What is required:
Write all of the entries out again exactly, but not the images.

Dataset records
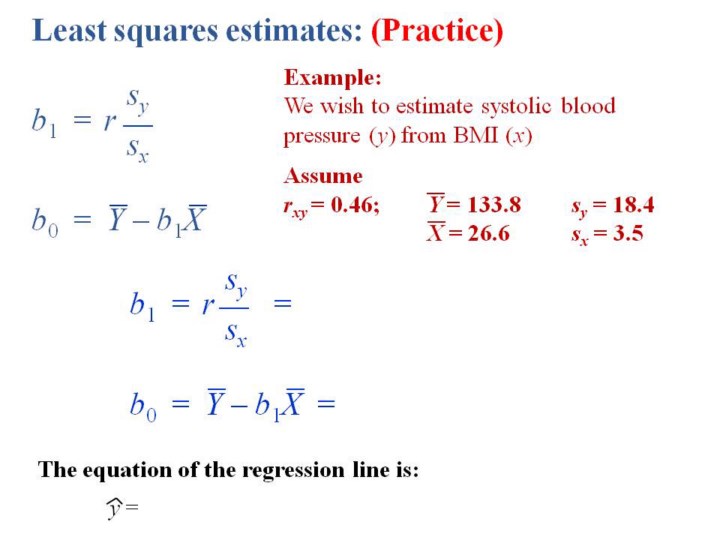 index (“x” variable) and systolic blood pressure (“y”) variable.
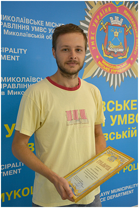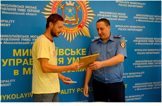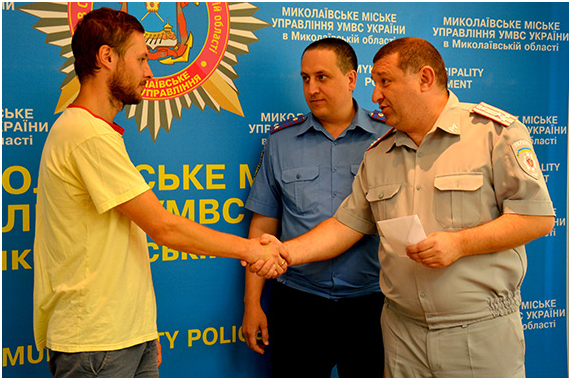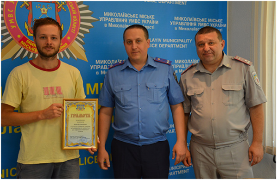 За помощь ОВД в раскрытии уличного преступления, неравнодушие и активную гражданскую позицию, начальник Николаевского городского управления милиции Артур Гаспаров и начальник Ленинского райотдела милиции Александр Гринчук вручили грамоту и денежную премию жителю Николаева — Вадиму Каменеву.
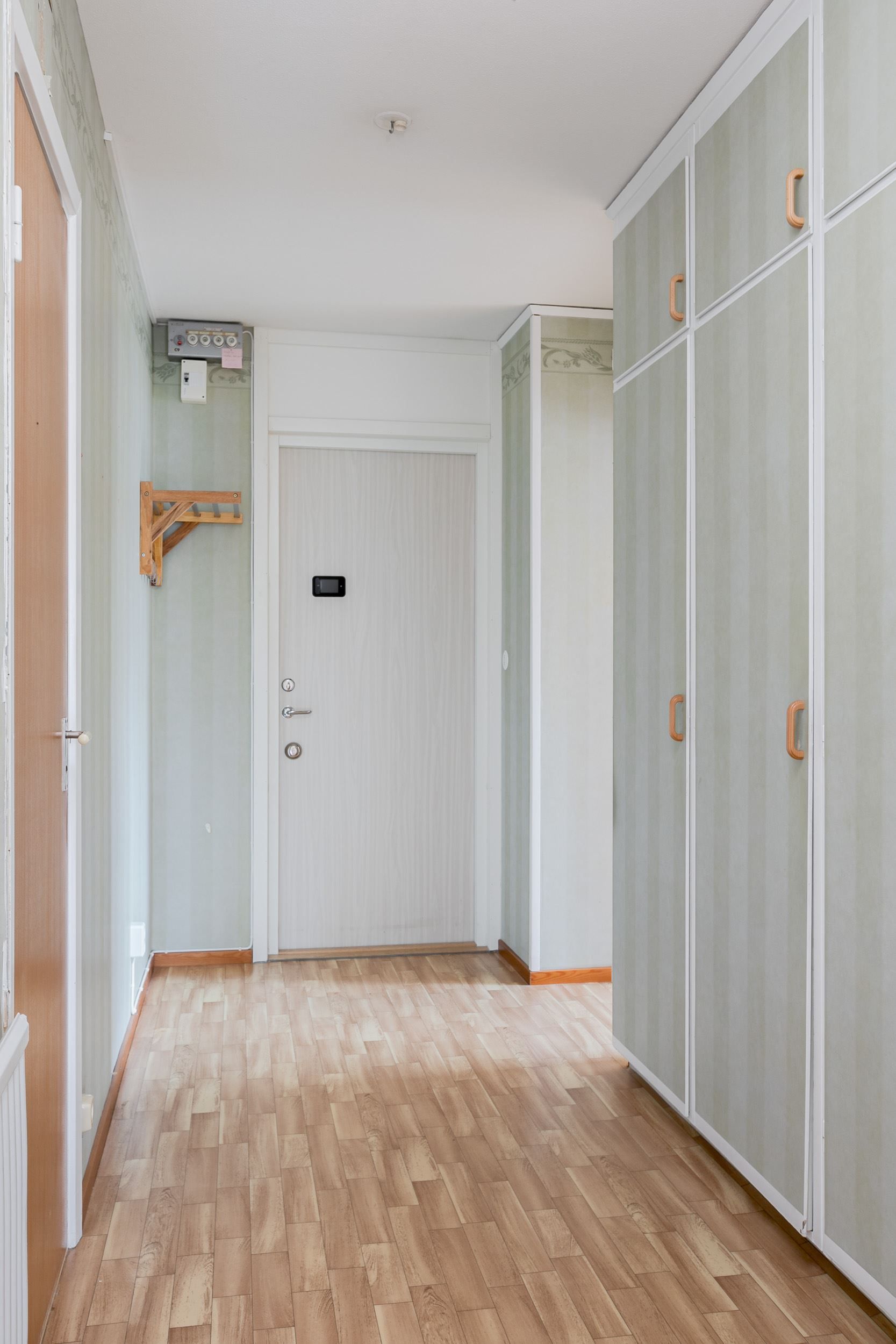 Här möts ni av en genomtänkt planlösning med två rymliga sovrum, ett generöst vardagsrum, idag med två platsbyggda garderober som fungerar som rumsavdelare men de går att ta bort beroende på hur man vill nyttja lägenheten. Ett fullstort och funktionellt kök med en precis nyinköpt spis samt ett stilrent helkaklat badrum plus en inglasad större balkong på den populära sidan mot innergården som blir betydligt svalare sommartid än balkongerna på baksidan.
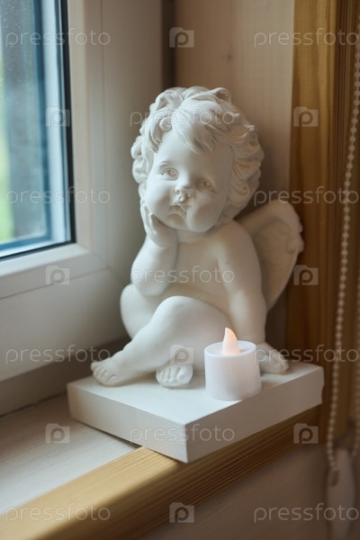 Очаровательная фигурка ангела со свечой на подоконнике, создающая прекрасную атмосферу
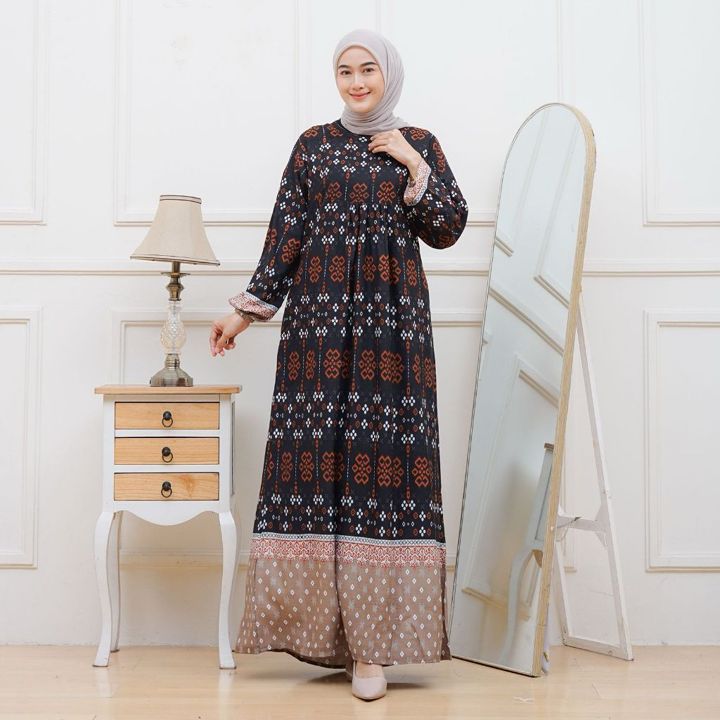 Gamis Rayon Premium Motif Etnik ini menawarkan kombinasi elegan antara bahan rayon yang adem dengan desain etnik yang viral, tersedia dalam ukuran Jumbo hingga lingkar dada 120 cm. Dengan fitur seperti resleting busui friendly, saku aktif, dan tali samping, produk ini menjadi solusi praktis namun tetap modis untuk berbagai acara. Penjual juga memberikan jaminan jahitan rapi dan full obras, serta melayani pembelian mystery box dengan 20 seri warna pilihan.
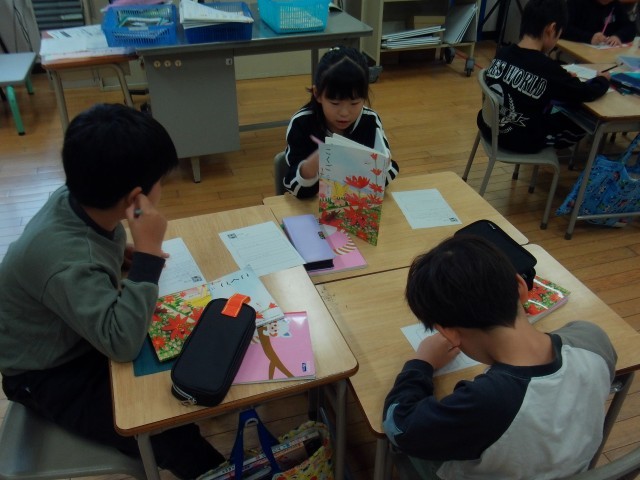 「お手紙」の学習では、自分たちが立てた問いについて自分の考えをもち、その後グループで話し合って考えを深めています。今日も、グループで自分の考えを伝えたり、友達の考えを聞いたりする姿が見られました。

Solution to this task:
 index (“x” variable) and systolic blood pressure (“y”) variable.
 За помощь ОВД в раскрытии уличного преступления, неравнодушие и активную гражданскую позицию, начальник Николаевского городского управления милиции Артур Гаспаров и начальник Ленинского райотдела милиции Александр Гринчук вручили грамоту и денежную премию жителю Николаева — Вадиму Каменеву.
 Här möts ni av en genomtänkt planlösning med två rymliga sovrum, ett generöst vardagsrum, idag med två platsbyggda garderober som fungerar som rumsavdelare men de går att ta bort beroende på hur man vill nyttja lägenheten. Ett fullstort och funktionellt kök med en precis nyinköpt spis samt ett stilrent helkaklat badrum plus en inglasad större balkong på den populära sidan mot innergården som blir betydligt svalare sommartid än balkongerna på baksidan.
 Очаровательная фигурка ангела со свечой на подоконнике, создающая прекрасную атмосферу
 Gamis Rayon Premium Motif Etnik ini menawarkan kombinasi elegan antara bahan rayon yang adem dengan desain etnik yang viral, tersedia dalam ukuran Jumbo hingga lingkar dada 120 cm. Dengan fitur seperti resleting busui friendly, saku aktif, dan tali samping, produk ini menjadi solusi praktis namun tetap modis untuk berbagai acara. Penjual juga memberikan jaminan jahitan rapi dan full obras, serta melayani pembelian mystery box dengan 20 seri warna pilihan.
 「お手紙」の学習では、自分たちが立てた問いについて自分の考えをもち、その後グループで話し合って考えを深めています。今日も、グループで自分の考えを伝えたり、友達の考えを聞いたりする姿が見られました。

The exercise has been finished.